The Arizona-Montréal Spectroscopic Survey of hot subluminous stars^★

¹ Institut für Astrophysik und Geophysik, Georg-August-Universität Göttingen, Friedrich-Hund-Platz 1, 37077 Göttingen, Germany
² Steward Observatory, University of Arizona, 933 N. Cherry Avenue, Tucson, AZ 85721, USA
³ Institut für Physik und Astronomie, Universität Potsdam, Haus 28, Karl-Liebknecht-Str. 24/25, 14476 Potsdam, Germany
⁴ Space sciences, Technologies and Astrophysics Research (STAR) Institute, Université de Liège, 19C Allée du 6 Août, 4000 Liège, Belgium
⁵ Space Telescope Science Institute, 3700 San Martin Drive, Baltimore, MD 21218, USA
⁶ Institut de Recherche en Astrophysique et Planétologie, CNRS, Université de Toulouse, CNES, 14 Avenue Edouard Belin, 31400 Toulouse, France
⁷ Dr. Karl Remeis-Observatory and Erlangen Centre for Astroparticle Physics, Friedrich-Alexander-Universität Erlangen-Nürnberg, Sternwartstr. 7, 96049 Bamberg, Germany
⁸ ESO, Karl-Schwarzschild-Str. 2, 85748 Garching bei München, Germany

^★★ Corresponding author: This email address is being protected from spambots. You need JavaScript enabled to view it.

Received: 19 September 2025
Accepted: 3 November 2025

Abstract

Context.
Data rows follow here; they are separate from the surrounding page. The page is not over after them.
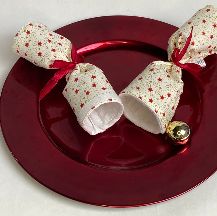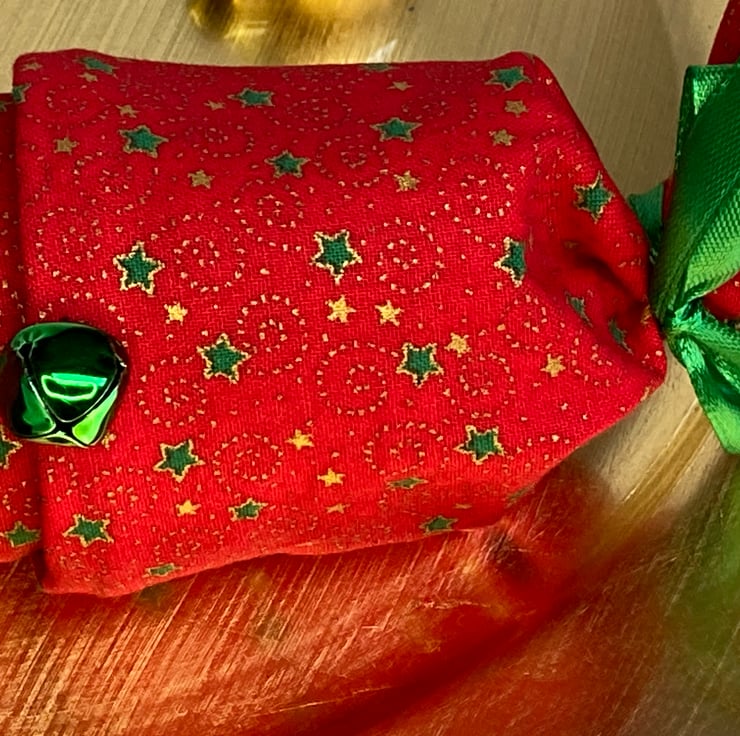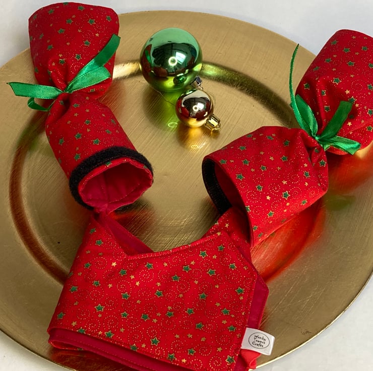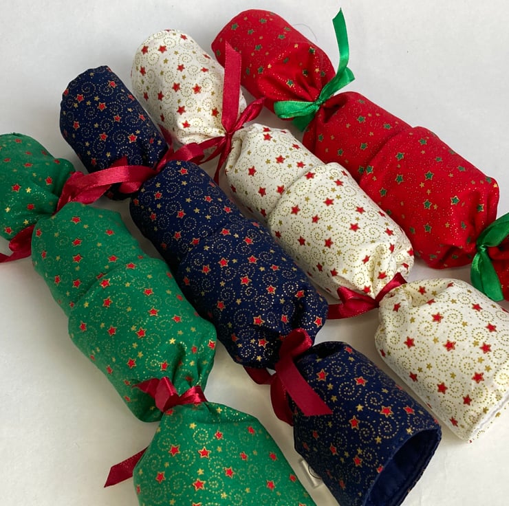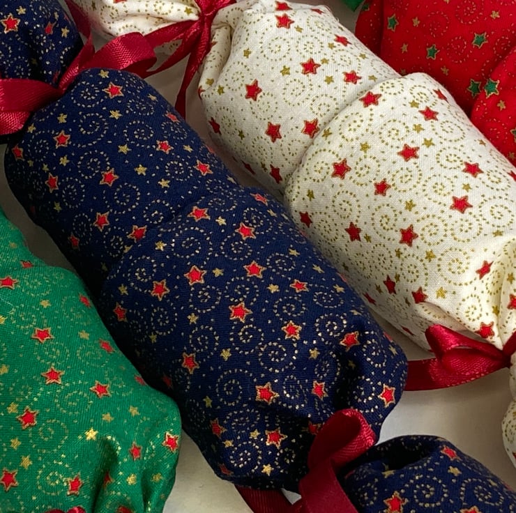 This listing is for a set of 4 crackers measuring approximately 30cm long. They are made from four different coloured fabrics (red, green, navy and cream) decorated with the same red and gold stars. Coordinating ribbons are used to tie the ends. Bells can be added as well, if you choose, for a small additional cost.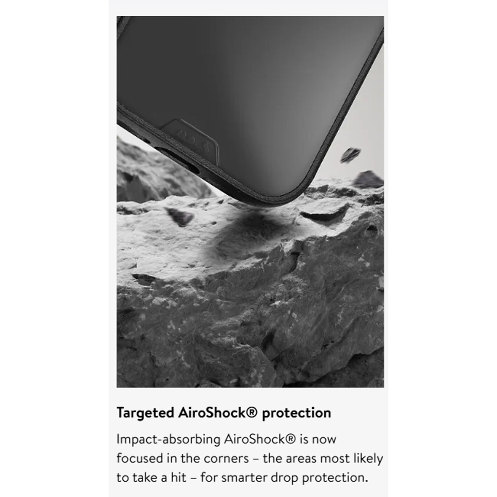 • Reinforced corners with AiroShock® for extreme protection from drops and shocks.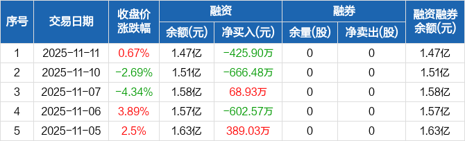 融资方面,当日融资买入714.18万元,融资偿还1140.08万元,融资净偿还425.9万元。融券方面,融券卖出0股,融券偿还0股,融券余量0股,融券余额0元。融资融券余额合计1.47亿元。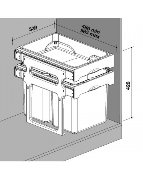 Pattumiera estraibile 2 contenitori e 1 vassoio Tank40 grigio canna di fucile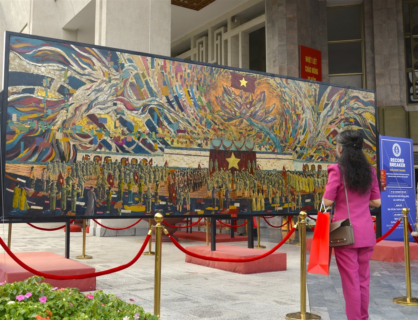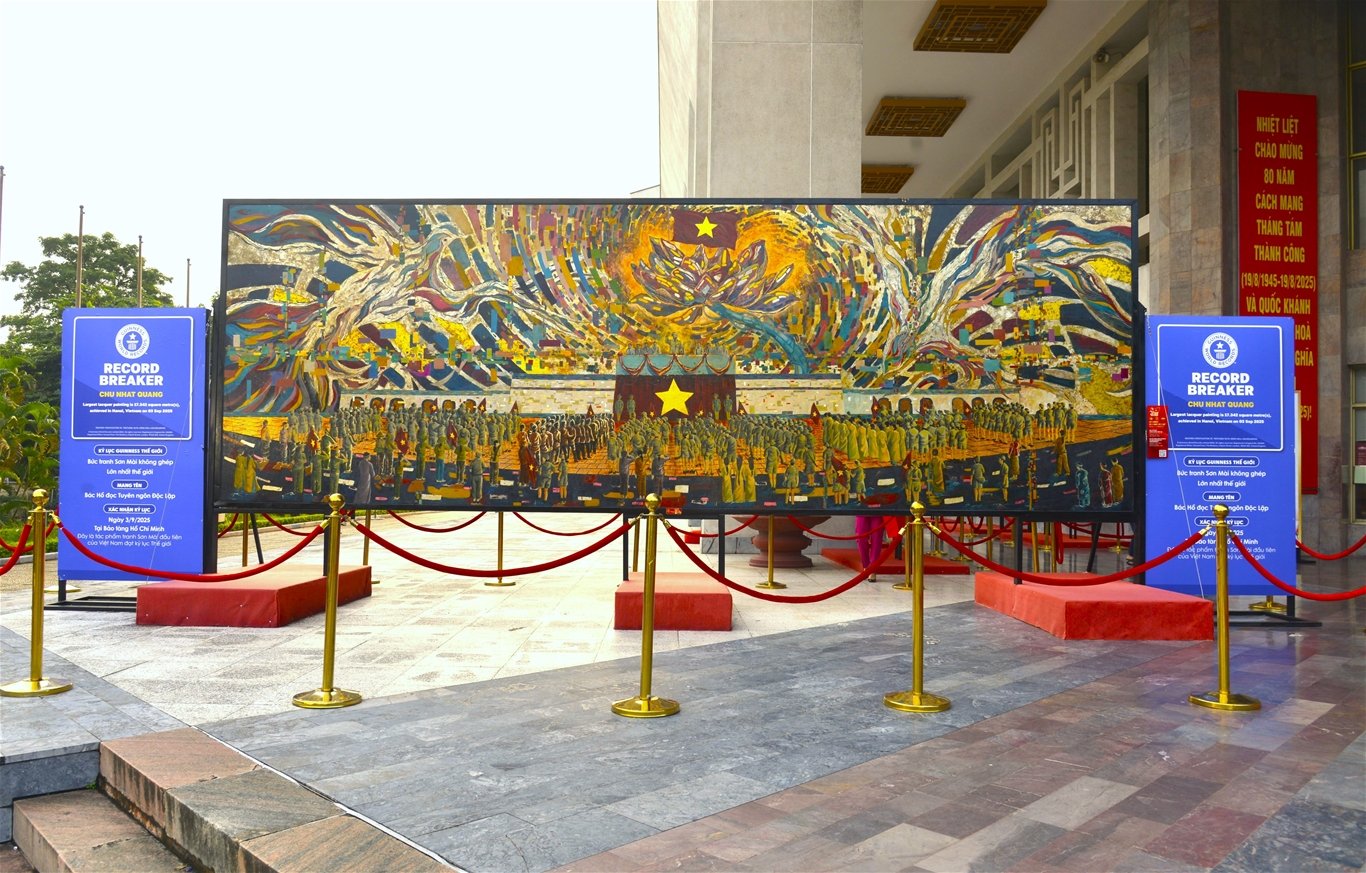 Panorámakép a Guinness- rekordok átvételi ünnepségéről, ahol Chu Nhat Quang művész legnagyobb monolit lakkfestményét, a „Ho bácsi felolvassa a Függetlenségi Nyilatkozatot” mutatták be. Fotó: BTHCM.

Hot subdwarf B (sdB) and O (sdO) type stars are evolved helium-burning objects that lost their hydrogen envelope before the helium flash when their progenitors were close to the tip of the red giant branch (RGB). They populate the extreme horizontal branch (EHB) in the Hertzsprung-Russell diagram (HRD). The mass distribution of canonical hot subdwarfs is expected to peak at the core mass required for helium ignition under degenerate conditions in the 0.45-0.5 M_⊙ range. However, non-degenerate helium ignition from intermediate-mass progenitors and non-canonical pathways, such as the merger of helium white dwarfs and delayed helium flashes, are also expected to contribute to the hot subdwarf population.

Aims. Using high-quality, homogeneous spectra of 335 hot subluminous star candidates from the Arizona-Montréal Spectroscopic Survey, we aim to improve our understanding of the atmospheric and stellar properties of hot subdwarf stars. Our focus is on the mass distribution of the different types of hot subdwarfs and their connections to the various formation scenarios.
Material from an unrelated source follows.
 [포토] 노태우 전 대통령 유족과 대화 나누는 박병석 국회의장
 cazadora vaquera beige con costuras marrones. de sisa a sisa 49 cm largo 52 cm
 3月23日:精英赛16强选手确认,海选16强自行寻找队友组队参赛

Methods. We used large grids of model atmospheres to fit the observed spectra and derived their atmospheric parameters: effective temperature (T_eff), surface gravity, and helium abundance. The model grids were further utilized to fit the spectral energy distribution of each star and the Gaia parallax was used to compute the stellar parameters radius, luminosity, and mass.

Results. Our spectroscopic sample mostly consists of H-rich sdBs and sdOs, but also contains 41 He-rich sdOs. Additionally, the sample includes 11 intermediate-helium stars and 19 horizontal branch objects with T_eff > 14 kK. We detected the presence of helium stratification in six sdB stars with T_eff around 30 kK, making them good candidates for also showing ³He enrichment in their atmospheres. Our sdB distribution along the EHB shows a gap near 33 kK, visible in both the Kiel (logg-T_eff) diagram and HRD, corroborating previous observations and predictions. The mass distributions of H-rich sdBs and sdOs are similar and centered around 0.47 M_⊙, consistent with the canonical formation scenario of helium ignition under degenerate conditions. Among the H-rich hot subdwarfs, we found no difference between the mass distributions of close binaries and apparently single stars. The He-sdOs have a significantly wider mass distribution than their H-rich counterparts, with an average mass of about 0.78 M_⊙. In the HRD, the He-sdOs lie on the theoretical helium main sequence for masses between 0.6 and 1 M_⊙. This strongly favors a merger origin for these He-rich objects. We identified a small number of candidate low-mass (<0.45 M_⊙) sdBs located below the EHB that might have originated from more massive progenitors. These low-mass sdBs preferentially show low helium abundances. Finally, we identified more than 80 pulsating stars in our sample and found that they fall into well-defined p- and g-mode instability regions.